With its inventory now buying and selling down 70% over the previous 12 months, DraftKings (NASDAQ:DKNG) is now out of the “no manner would I ever” territory and not less than approaching a stage the place I might contemplate shopping for in. As a part of my due diligence, I felt the necessity to replace some analysis I did final 12 months on on-line sports activities betting and its potential addressable market and revenue. After doing so, I’ve concluded that my preliminary estimate of DraftKings addressable market most likely was far too low…however I nonetheless have too many issues to purchase in.
Prior Analysis
My sports activities betting analysis was initially achieved with regard to fuboTV (FUBO) however it applies equally effectively to DraftKings. By the identical token, at this time’s DraftKings analysis is equally helpful to those that are contemplating a fubo funding or certainly an funding in any main sports activities tv inventory, reminiscent of Comcast (CMCSA) or AT&T (T) at this time. Disney (DIS) is reportedly reconsidering its prior resolution to maintain ESPN away from sports activities betting as effectively.

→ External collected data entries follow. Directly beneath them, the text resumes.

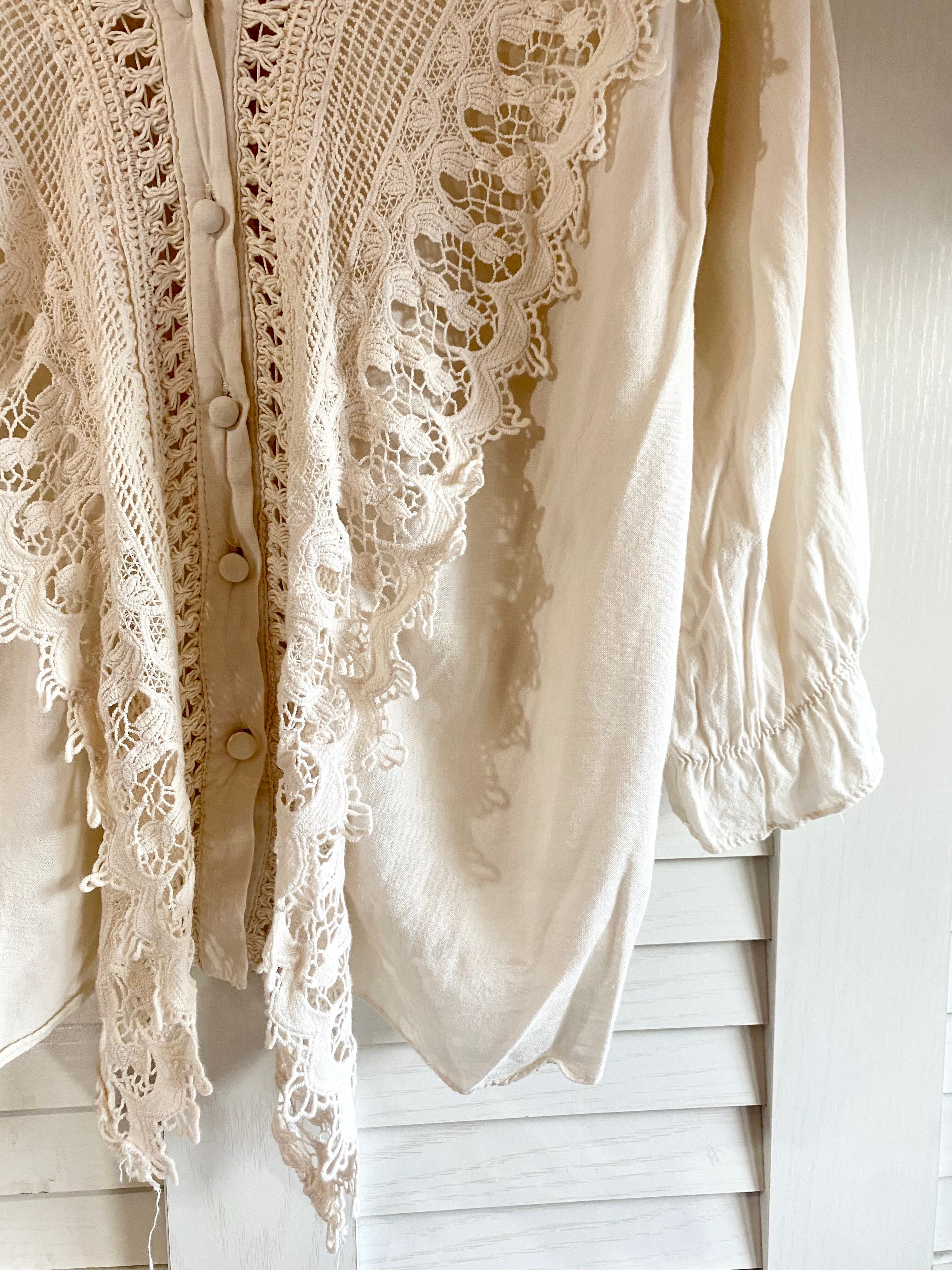 #94 CRISP コットンリネンレースモチーフブラウス アイボリー
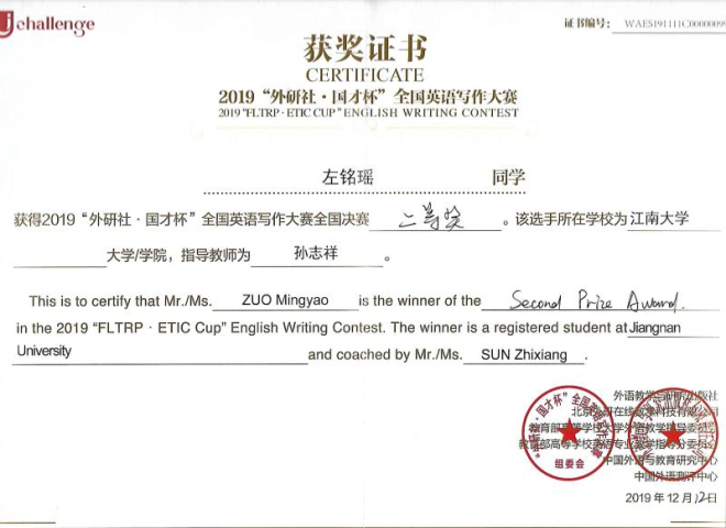 12月13日,2019“外研社·國才杯”大學(xué)生英語挑戰(zhàn)賽(Uchallenge)于北京落幕。我校外國語學(xué)院左銘瑤同學(xué)榮獲全國英語寫作大賽總決賽二等獎。
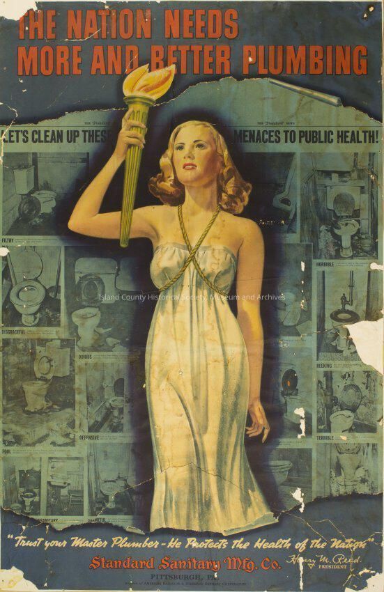 Color poster, "The Nation Needs Better Plumbing". On the back: Square Footer's Club names.

However the query of the day is DraftKings. As all the time, we’re extra keen on revenue than we’re income, besides as income pertains to revenue. However what makes evaluation of sports activities betting a bit of difficult is that income, in flip, is merely a subset of “deal with.”
For these new to the topic, the deal with of a sportsbook is the gross amount of cash wager on its platform, whereas the precise income is the “take” of the platform of that income, with the remainder of deal with paid out to bettors as winnings. For sure, the largest outlay of deal with by far is cost to winners, with income for a sportsbook coming in effectively below 10% of deal with.
Prior Estimate
In my analysis final 12 months, I postulated that the US sports activities deal with would come to about $150 billion, with roughly a 5% take price, ie., for each $20 two individuals wager with one another, the operator would hold $1 for itself. This penciled out to $7.5 billion in precise income for operators, which I believed could be extra like $1.8 billion in ultimate revenue for the operators after paying not solely state and federal taxes, but additionally charges to the sports activities leagues who make these wagers doable – who’ve made it very clear they intend to be minimize in on the ensuing spoils.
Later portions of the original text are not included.